» **RECORD SET**
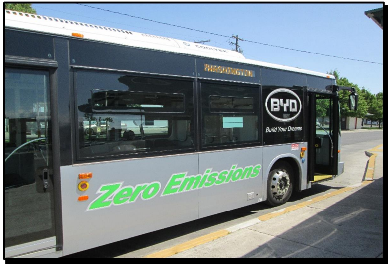
A BYD Motors, Inc. battery-powered bus is being test driven along Yakima transit routes. The bus was also tested in Spokane and the Tri-Cities earlier this year.

The 40-passenger electric bus can operate up to 10 hours between charges and reach a top speed of 45 miles per hour, with a range of 155 miles. A 324 kilowatt-hour, iron-phosphate battery powers the bus, which was built at a plant in Lancaster, California.
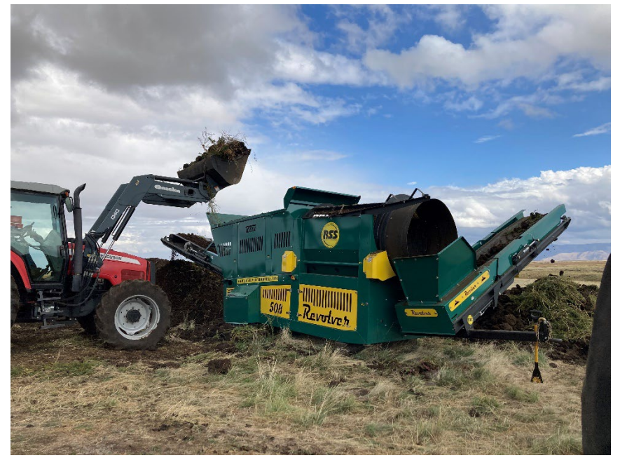
Manure screener at Asotin Conservation District
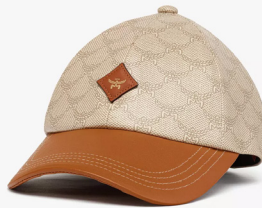
MONOGRAM CAP IN LAURETOS AND LEATHER
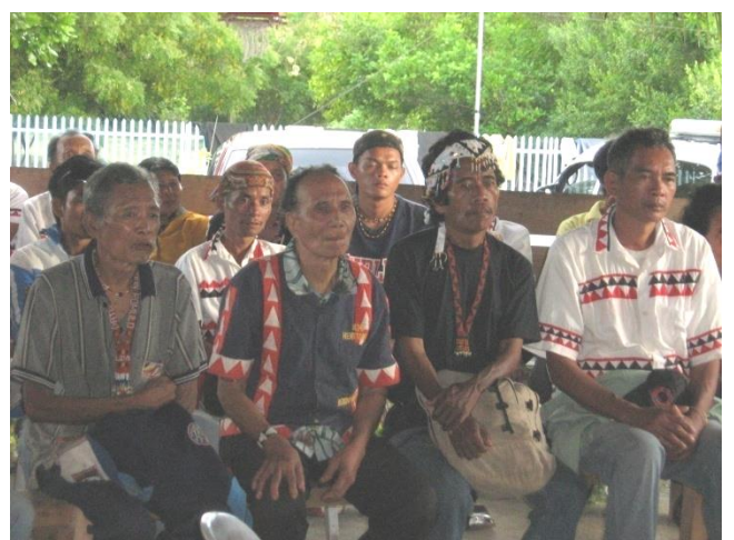
Introduction to the topic KTE (Knowing The Enemy)
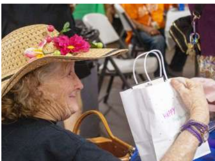
Family shelter women receiving gifts
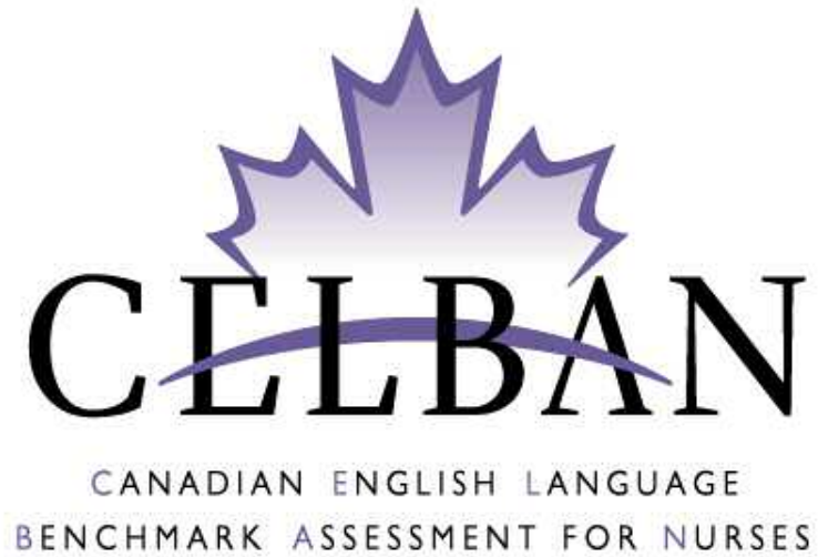
Logo for Assessment Tool for the Centre for Canadian Language Benchmarks.
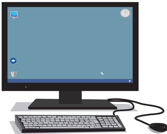
Copyright ©2020 Speech Link Multimedia Ltd
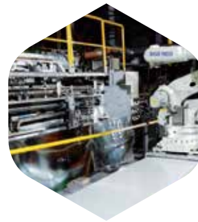
STEEL & INFRASTRUCTURE
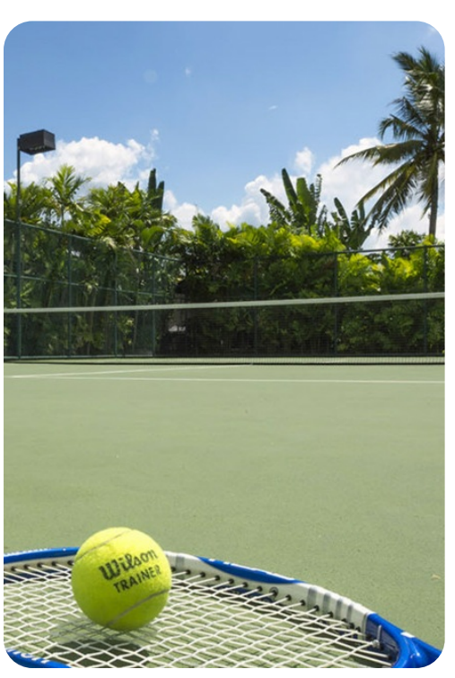
Tabanan 8723 - Kaba Kaba Estate | Page 5 of 8
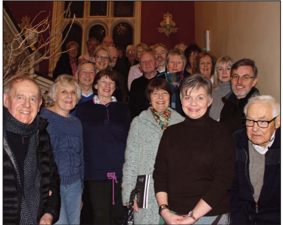
Photo: The delegates on the stairs at Woodborough Hall

» **WHAT IS NEEDED**
The lines from the one holding "Copyright ©2020 Speech Link Multimedia Ltd" through the end of the material above are to be echoed exactly, both ends included. Do not include pictures.

» **REPLY**
Copyright ©2020 Speech Link Multimedia Ltd
STEEL & INFRASTRUCTURE
Tabanan 8723 - Kaba Kaba Estate | Page 5 of 8
Photo: The delegates on the stairs at Woodborough Hall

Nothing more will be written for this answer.